Sosthenes Sohtun (born 1975) is an Indian politician from Meghalaya. He has served as minister of the Secretariat Administration Department since 16 September 2025. He is a member of the Meghalaya Legislative Assembly from the Jirang Assembly constituency, which is reserved for Scheduled Tribes, in Ri Bhoi district. He was elected in the 2018 and 2023 Meghalaya Legislative Assembly elections, representing the National People's Party.

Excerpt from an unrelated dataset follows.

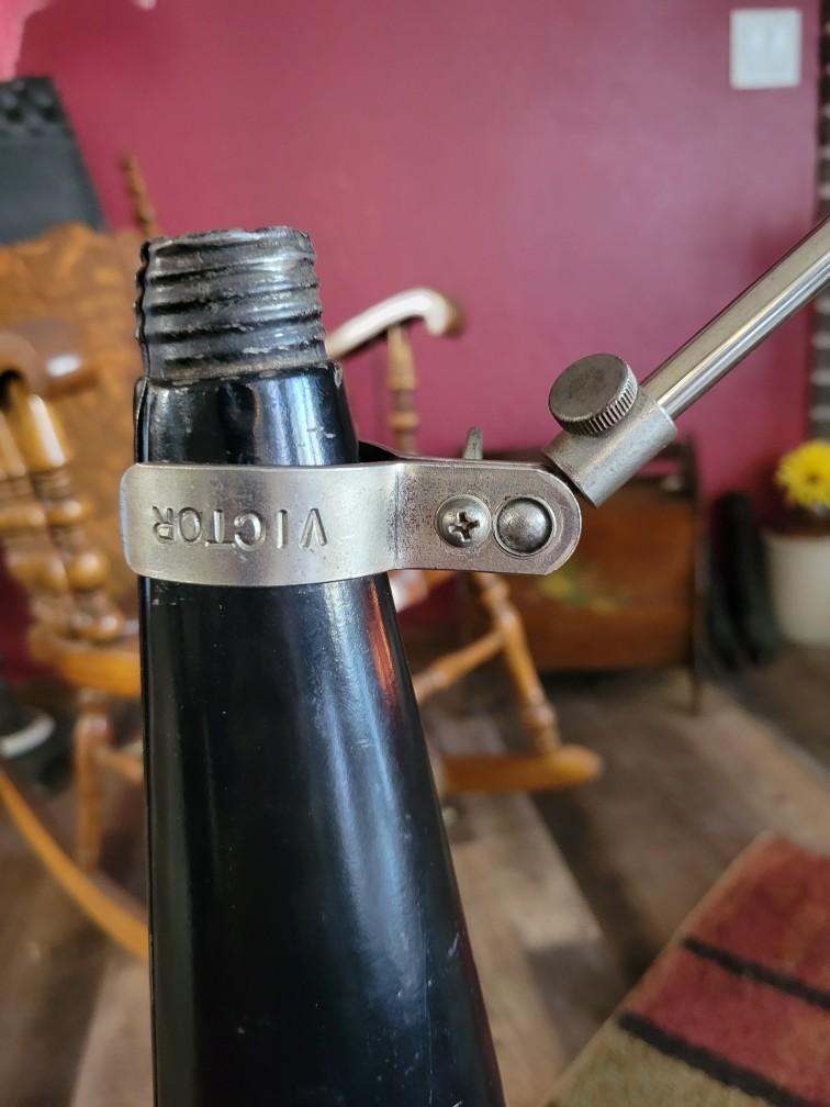 I have what I think is a horn support for the larger front mount horns on the Rigid Arm Victor M's and MS's. I know this has been discussed before but everyone always wonders what the front mount delete block with the hole is for. This would explain why it has a hole in it so that it can support the horn down low or the elbow. It is somewhat adjustable. This would answer some of the larger screw in front mount horn and what they are really for. Yes, I know Victor did make extended arms for some of the sizes of the front mount horns. Just a thought. Let me know your thoughts. In the pictures I have it attached to a 27" front mount horn. And yes, I realize it should be a flat head screw. Thanks, Tom

== Early life and education ==
Sohtun is from Jirang, Ri Bhoi district, Meghalaya. He is the son of the late P. Warjri. He passed the pre-university course in arts at St. Anthony’s College, which is affiliated with North-Eastern Hill University.

== Career ==
Sohtun was elected from the Jirang Assembly constituency representing National People's Party in the 2023 Meghalaya Legislative Assembly election. He polled 12,690 votes and defeated his nearest rival, Adrian Lambert Mylleim of the Indian National Congress, by a margin of 1,623 votes. He first became an MLA winning the 2018 Meghalaya Legislative Assembly election representing the NPP from Jirang, defeating his nearest rival, Witness Day Sancley of the Indian National Congress, by a margin of 220 votes.